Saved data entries
┄┄┄┄┄┄┄┄┄┄┄┄┄┄┄┄┄┄┄┄

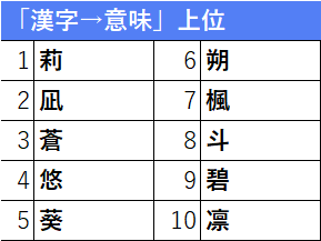 1位から順に、「莉」「凪」「蒼」「悠」「葵」「朔」「楓」「斗」「碧」「凛」となりました。
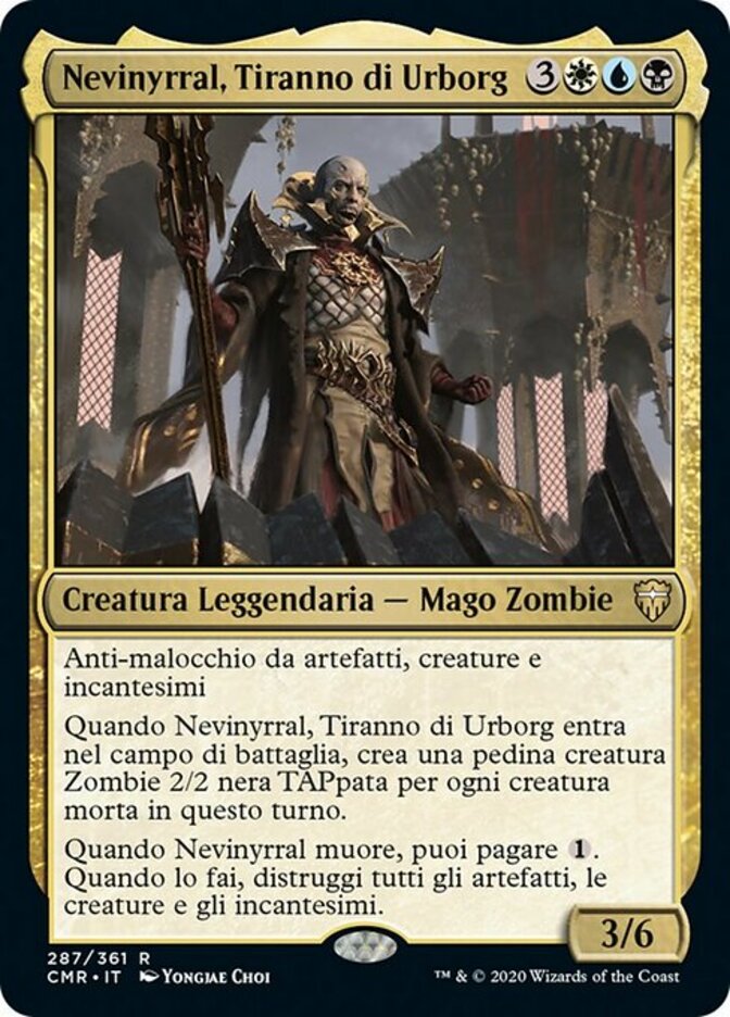 | Rules | Hexproof from artifacts, creatures, and enchantments When Nevinyrral, Urborg Tyrant enters the battlefield, create a tapped 2/2 black Zombie creature token for each creature that died this turn. When Nevinyrral dies, you may pay . When you do, destroy all artifacts, creatures, and enchantments. |
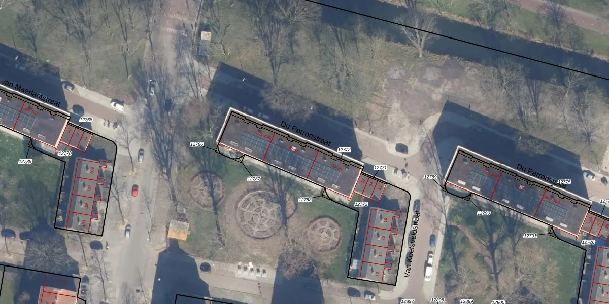 Het perceel waarop Du Perronstraat 40-2 staat heeft een oppervlakte van 1072 m². Dit is een zeer groot perceel. De perceeloppervlakte wordt geregistreerd door het Kadaster. Gedetailleerde informatie over de maten van dit perceel kunt u vinden in het rapport Kadastrale kaart met maatvoering van Du Perronstraat 40-2.
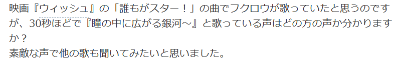 その際には、フクロウのキャラクター役として声の演技+コーラス歌唱に参加しており、声優としての活躍も披露しました。
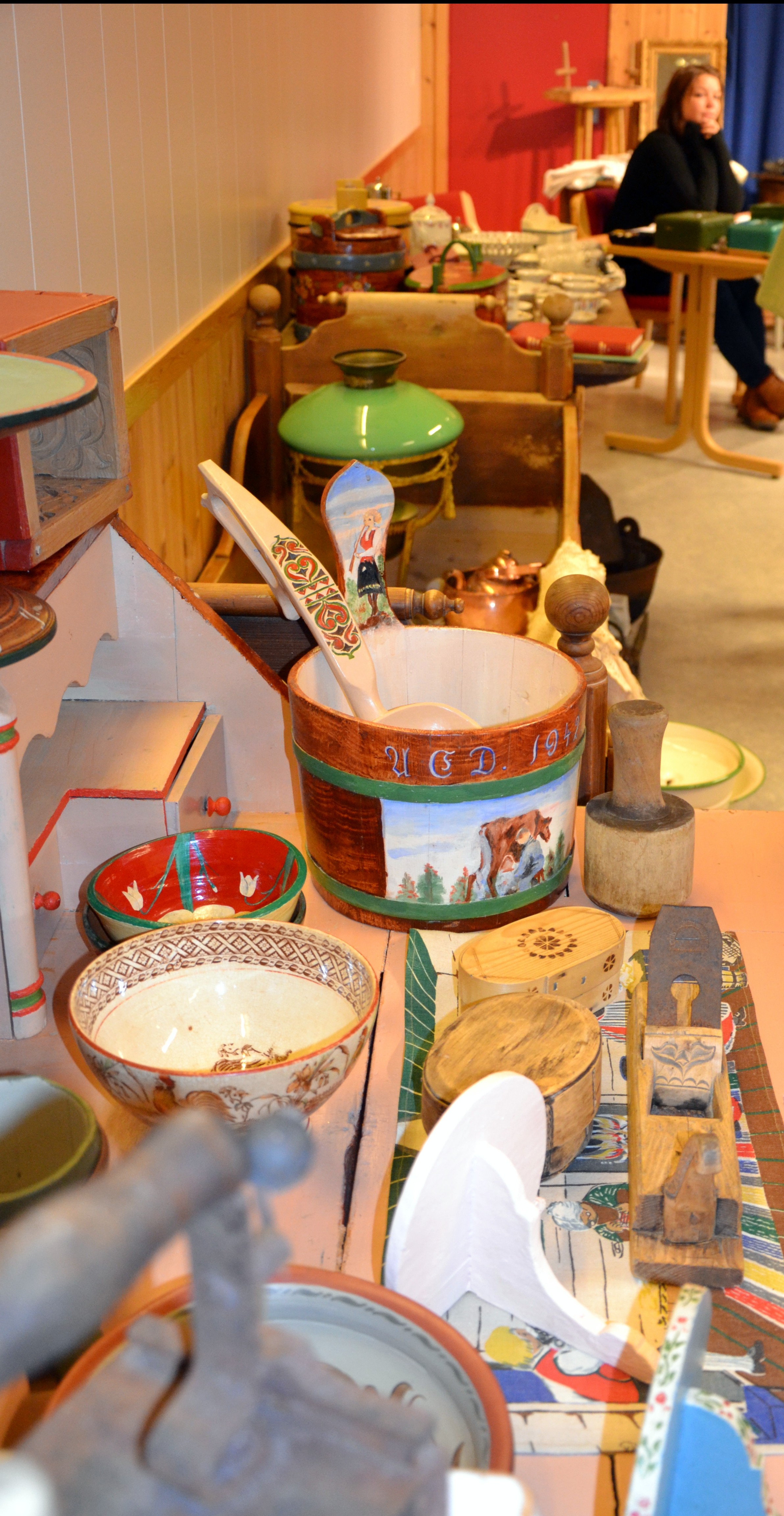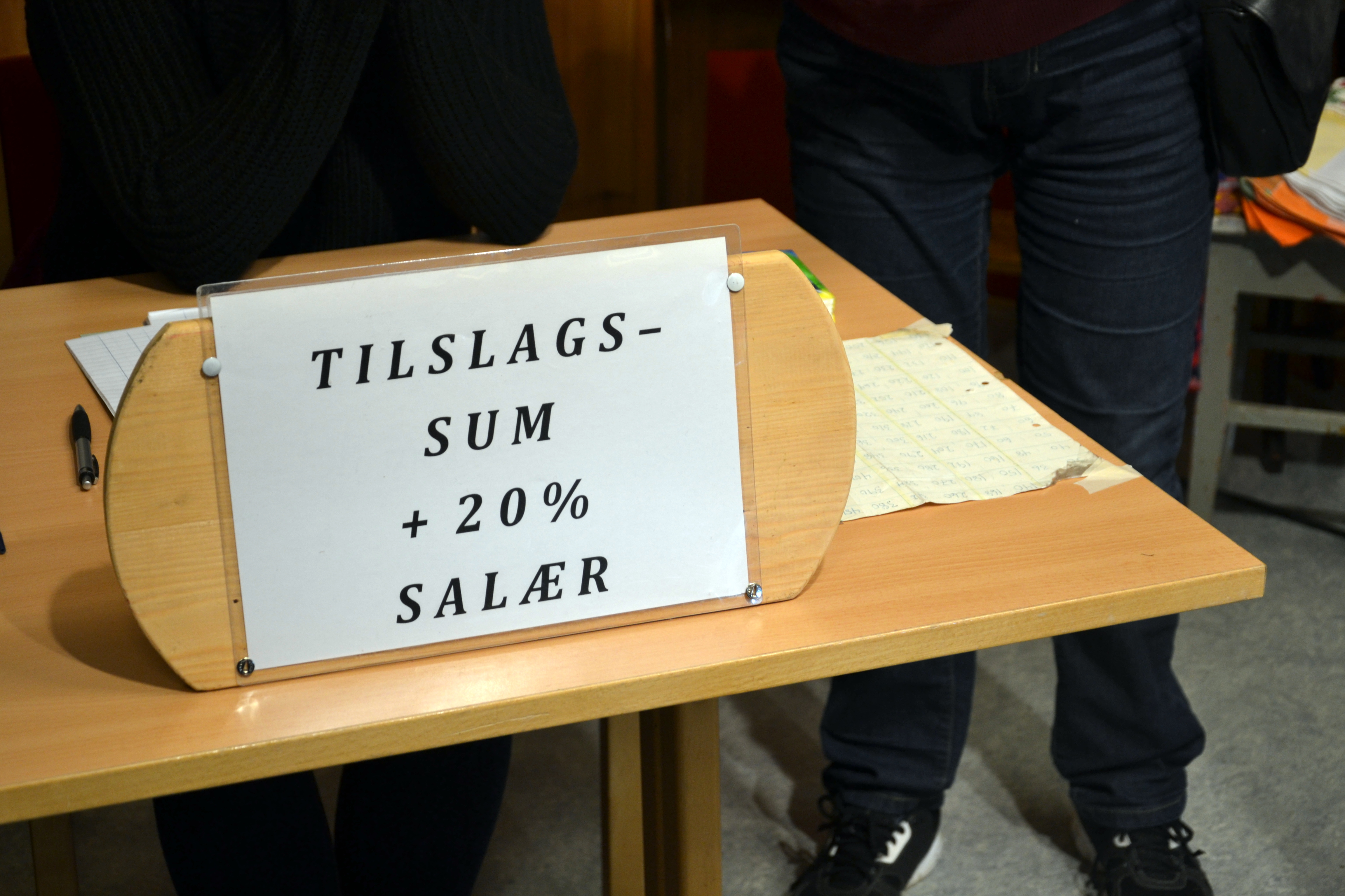 Bak rekken med auksjonsgjenstander skimter vi Ola Ryes eldste datter som sitter klar i sekretariatet. Sammen med moren holder hun styr på hvem som får tilslag og til hvilke summer

┄┄┄┄┄┄┄┄┄┄┄┄┄┄┄┄┄┄┄┄

_WHAT YOU HAVE TO DO_. The lines from the one holding "その際には、フクロウのキャラ" through the end of the entries are to be transcribed exactly, both ends included, with the pictures left out.

_RESULT FOR THIS TASK_.
 その際には、フクロウのキャラクター役として声の演技+コーラス歌唱に参加しており、声優としての活躍も披露しました。
 Bak rekken med auksjonsgjenstander skimter vi Ola Ryes eldste datter som sitter klar i sekretariatet. Sammen med moren holder hun styr på hvem som får tilslag og til hvilke summer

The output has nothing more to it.